In further conversations during several other encounters we had over time, Yasmina explained to me the grounds on which she persuades her family to grant her freedom of movement to fulfil the duties of her very busy life. Piety, her strong religious education and the attribution of religious ethics to her mundane actions provide her with the strength to confront pressures and to negotiate great spaces of freedom.

The last time I saw Yasmina was at an academic summer school organised by the Italian Association of Women Historians on 'women and religions' where I was invited to lecture on women and Islam. Thinking that Yasmina could have added enormous value to the session with her own knowledge, skills and identity as a young pious Italian Muslim and her multiple ways of combining piety and mundane life, I invited her to co-teach a seminar for the students. The occasion proved to be quite burdensome and harsh for Yasmina who was received by the students and some members of the teaching staff as the representative a de-localised, a-historical and fixed Islamic tradition and culture, which she was held responsible and even accountable for. Questions were addressed to her on a whole range of topics, from 'the Islamic view' on homosexuality and torture, to her choice of wearing an Islamic attire, to whether she had a boyfriend and what kind of marriage she would have chosen. Yasmina's responses, between discomfort and self-confidence, pointed to an attempt, very visible amongst other young Muslims in Europe, to reconcile change with religious orthodoxy, subjectivity and individuality with a collective religious ethos, continuity and identification with an Islamic tradition with adaptation, a process that Olivier Roy has aptly called of 'empirical improvisation.' (Roy 2007).
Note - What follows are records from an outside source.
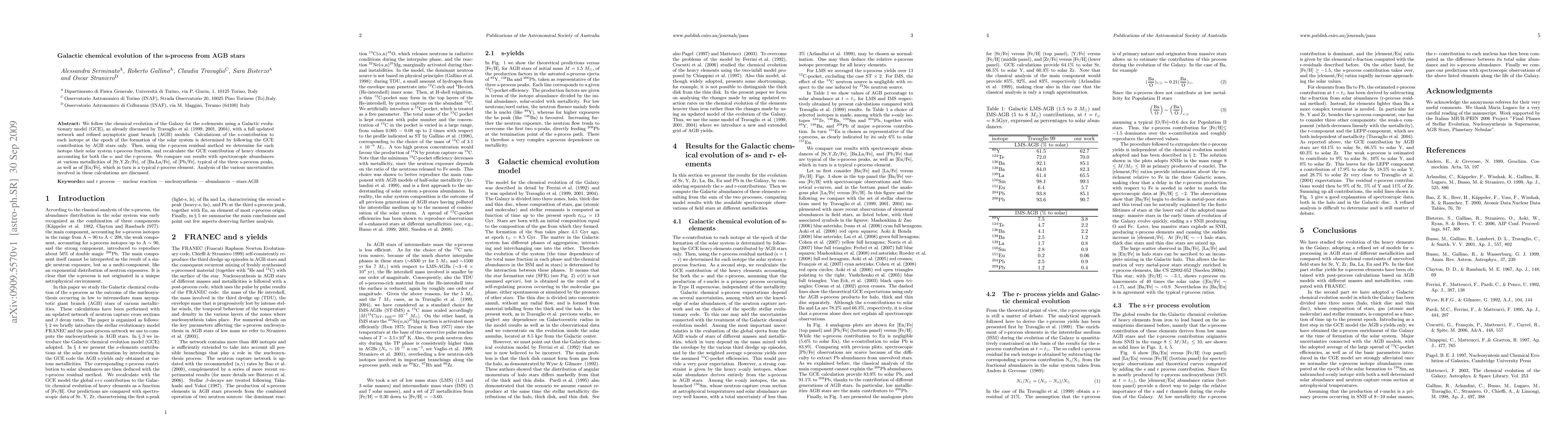 We follow the chemical evolution of the Galaxy for the s elements using a Galactic chemical evolution (GCE) model, as already discussed by Travaglio et al. (1999, 2001, 2004), with a full updated network and refined asymptotic giant branch (AGB) models. Calculations of the s contribution to each isotope at the epoch of the formation of the solar system is determined by following the GCE contribution by AGB stars only. Then, using the r-process residual method we determine for each isotope their solar system r-process fraction, and recalculate the GCE contribution of heavy elements accounting for both the s and r process. We compare our results with spectroscopic abundances at various metallicities of [Sr,Y,Zr/Fe], of [Ba,La/Fe], of [Pb/Fe], typical of the three s-process peaks, as well as of [Eu/Fe], which in turn is a typical r-process element. Analysis of the various uncertainties involved in these calculations are discussed.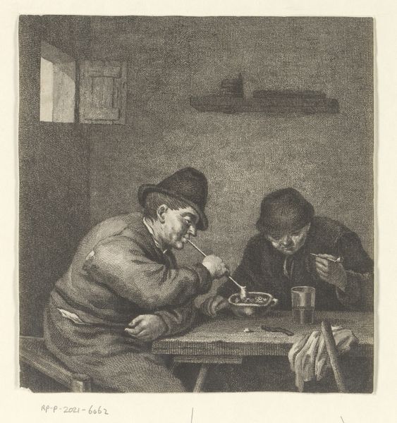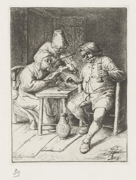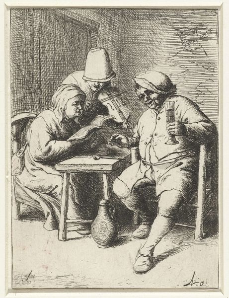 Adriaen van Ostade made this etching, "Singing Couples and Violin," in the Netherlands during the 17th century. It offers a glimpse into the social life of the Dutch Golden Age. Notice the figures gathered around a table, engrossed in music and drink. Such scenes were popular, reflecting a culture where leisure and communal activities were increasingly valued. But Ostade’s image isn't just a neutral depiction. The setting, likely a tavern, hints at a complex web of social interactions, class distinctions, and moral attitudes towards entertainment. The Dutch Republic was also a place of growing merchant power, one that led to a new kind of market for art. Artists responded to these changes by catering to the tastes of a broader audience. To truly understand this work, we need to delve into the historical context: examining Dutch social customs, musical traditions, and the role of taverns in community life. Art historical research provides that lens, revealing how seemingly simple scenes reflect deeper cultural values and social dynamics.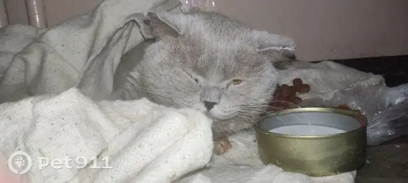 В подъезд прибился кот (судя по внешнему виду). Окрас серый. Ни ест, не пьёт, что-то с глазами. Адрес Розы Люксембург, 239, 2й подъезд.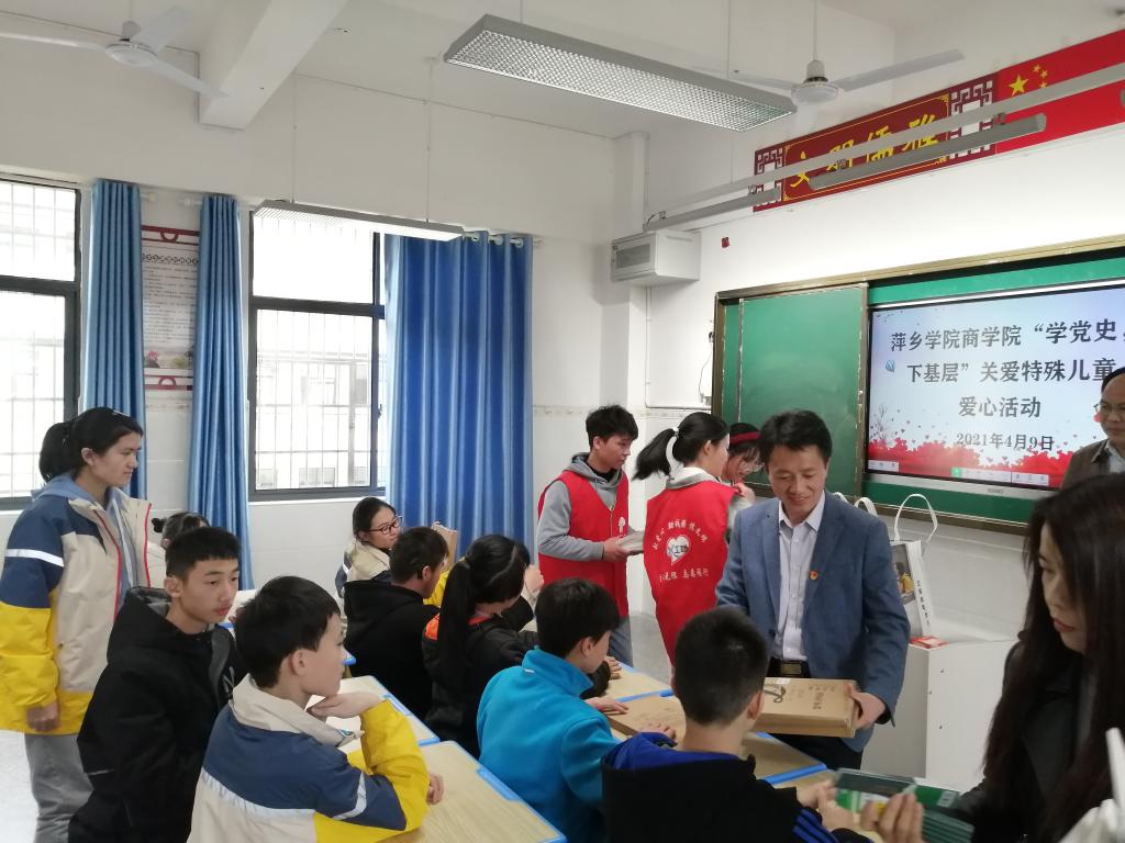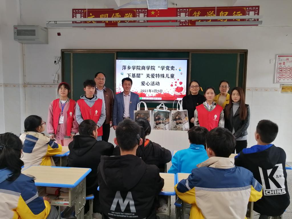 2021年4月9日下午,商学院党总支书记曾敏一行赴芦溪特校组织开展“学党史,下基层,关爱特殊儿童”志愿服务活动,实地考察AC米兰中文官方网站义工团志愿服务定点合作单位,现场完成特殊儿童的微心愿。商学院及义工团师生代表共计10人参加此次活动。

Yasmina is by no way an exception in the landscape of second generation Muslims. Meriem, for example, is also a university student and a spokesperson of the GMI section of Bologna (where I conducted most of my research). Aside from being a pious young woman and an active member of the Islamic association, Meriem was a candidate at the local elections that took place in 2006 for the Consulta (a migrants council body) in Bologna in a list that was pretty transversal in terms of ethnic, national, religious and gender affiliations. At a meeting organised by a local feminist organisation to introduce the female candidates to the local citizenship, Meriem described herself as someone involved with gender equality, human rights and youth interests from an Islamic perspective.

Islam in Europe, and Islam in Italy makes no exception in this regard, is going through a de facto secularisation, by way of both creative reformist projects and 'empirical improvisations' that allow the pious and believers to live according to the rules of secularised societies, while maintaining a degree of religious orthodoxy that grants a sense of belonging to a transnational community of Muslims. Following Catholic and Jewish models, Muslims in Europe are also engaging in a movement from legal norms to values, leading conservatives and modernists alike to engage with the rules of the games and democracy. This process helps to expand rather than restrict the liberal character of society.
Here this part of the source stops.